Implementation and Optimization

Custom scripts were written in MATLAB (Mathworks) to simulate volume trajectories given inputs of fractionation schedule, dose per fraction, λ, PSI, α, and α/β. To evaluate the ability of the model to fit the patient data, an optimization script was written using the particle swarm optimization function from the MATLAB Global Optimization Toolbox to find patient-specific PSI values, given a particular (λ,α) pair for the entire cohort, assuming α/β = 10 Gy. The optimal values for λ and α were found by performing a full grid search over λ ∈ (0.02, 0.18) day-1 with a step size of 0.025 and α ∈ (0.04, 0.25) Gy-1 with a step size of 0.01 to find the (λ,α) pair that minimized the mean square error to the patient data across the entire cohort for the first 4 weekly measurements.


The parameter optimization identified that the values of λ = 0.07 day-1 and α = 0.09 Gy-1 best fit the tumor volume dynamics across the entire patient cohort. Although the values of λ and α were the same for all patients, the patient-specific PSI values allowed the model to fit both shallow-volume regression dynamics (high PSI) and rapid-volume reduction responses (low PSI) with high accuracy (Figure 2A). Across the entire cohort, the model fit the weekly tumor volumes with high confidence; R2 = 0.92 (Figure 2B). Notably, while PSI was allowed to range from 0 to 1, only values > 0.5 were obtained from the fitting procedure using the optimized λ and α values, which indicates that the model was not overconstrained or overfitting the data (Figure 2C).

To assess the clinical significance of the model parameters, we compared patient-specific clinical measures with the fitted model parameters. Initial tumor size did not correlate with PSI (Figure 2D), but percent change in tumor volume after 4 weeks of RT showed a strong correlation with PSI (Figure 2E).

To translate tumor volume reduction to long-term patient outcomes, we tested midtreatment tumor volume reduction as a predictor for locoregional control (LRC). We found that the median tumor volume reduction at week 4 (-ΔV = 32.2%) perfectly separates out those patients who had early locoregional recurrence (Figure 3). This is comparable to the recent observation that midtreatment nodal decrease ≥ 43% in oropharyngeal cancer is prognostic for locoregional control.45

Given that the standard protocol with 2 Gy weekday fractions results in a subset of patients recurring locoregionally, we simulated an alternative hyperfractionation scheme of 1.2 Gy fractions 2 times a day (1.2 Gy BID). These simulations were performed using the previously optimized λ, α values across the cohort, and patient-specific PSI values. As expected, these simulations predicted that all the patients would have increased tumor volume reduction due to the higher total dose (Figure 4A). However, only a subset of patients with intermediate PSI ([0.835-0.91], Case II: 12/38 patients, 32%) is predicted to have sufficient marginal increase in tumor volume reduction to cross the previously determined volume-reduction threshold for LRC, indicating a potential to benefit from a switch to hyperfractionation (Figure 4B). On the other hand, patients with low PSI values have highly proliferative and radiation-sensitive disease (PSI < 0.835; Case I: 15/38, 39%), with both 2 Gy QD and 1.2 Gy BID yielding midtreatment tumor volume reductions > 32.2% indicating no additional benefit from hyperfractionation. On the other extreme, patients with high PSI values have less proliferative and more radioresistant tumors (PSI > 0.91; Case III: 12/38, 32%), and in this case neither fractionation protocol provides robust midtreatment tumor volume reduction.

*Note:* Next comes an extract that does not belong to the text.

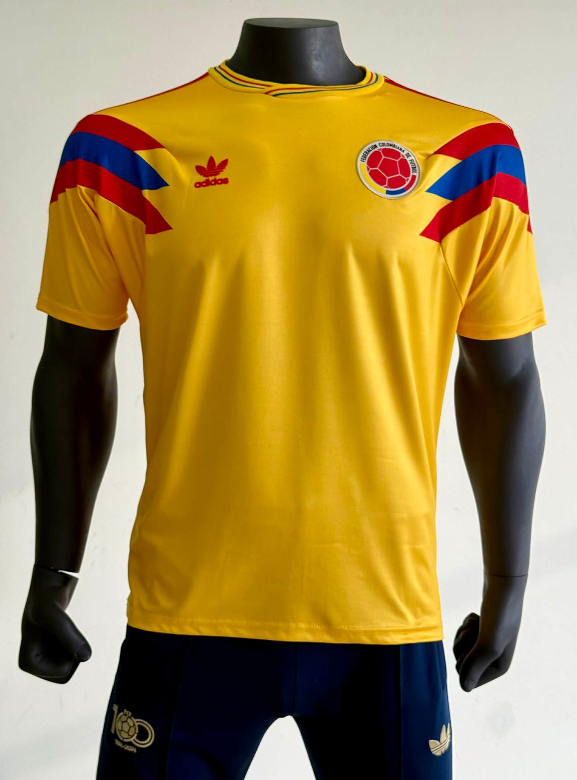 El diseño evoca claramente la época dorada del fútbol colombiano de los años 90, cuando Carlos “El Pibe” Valderrama brillaba por su talento y su icónica melena rubia. Es una prenda que combina nostalgia, elegancia deportiva y orgullo nacional.

Herein, we presented a simple mathematical model based on proliferation saturation index, PSI, that was able to characterize head and neck cancer patient-specific volume changes to fractionated RT with only 1 patient-specific parameter with high accuracy. Notably, the growth rate is assumed to be constant across the entire cohort, and all interpatient heterogeneity is captured in the PSI values. Of interest, initial tumor size, and thusly T stage, did not correlate with PSI and midtreatment response. The need to only determine one patient-specific parameter may facilitate future patient-specific modeling and predictions. It may be possible to estimate patient-specific PSI values using midtreatment volume reduction, which was shown to correlate with PSI. Furthermore, these modeling results demonstrate that treatment response dynamics may provide valuable insights to understanding the nature of the disease. These results complement previous analysis of pretreatment tumor volume dynamics associated with outcomes in patients with oropharyngeal cancer.46

Additionally, since the tumor volumetric death term was coupled to the LQ model, we were able to simulate the potential response to an alternative fractionation scheme of hyperfractionation with 1.2 Gy BID. Although hyperfractionation is not widely used in clinical practice to treat squamous cell head and neck cancers, large meta-analyses have shown an 8% difference in overall survival at 5 years post-treatment compared with standard fractionation.5,47 However, this benefit may be offset by long-term toxicities from the increased overall dose and logistical difficulties in delivering multiple fractions a day. Mathematical models of tumor volume dynamics may eventually serve as part of a framework to identify patients who would benefit from hyperfractionation over standard fractionation.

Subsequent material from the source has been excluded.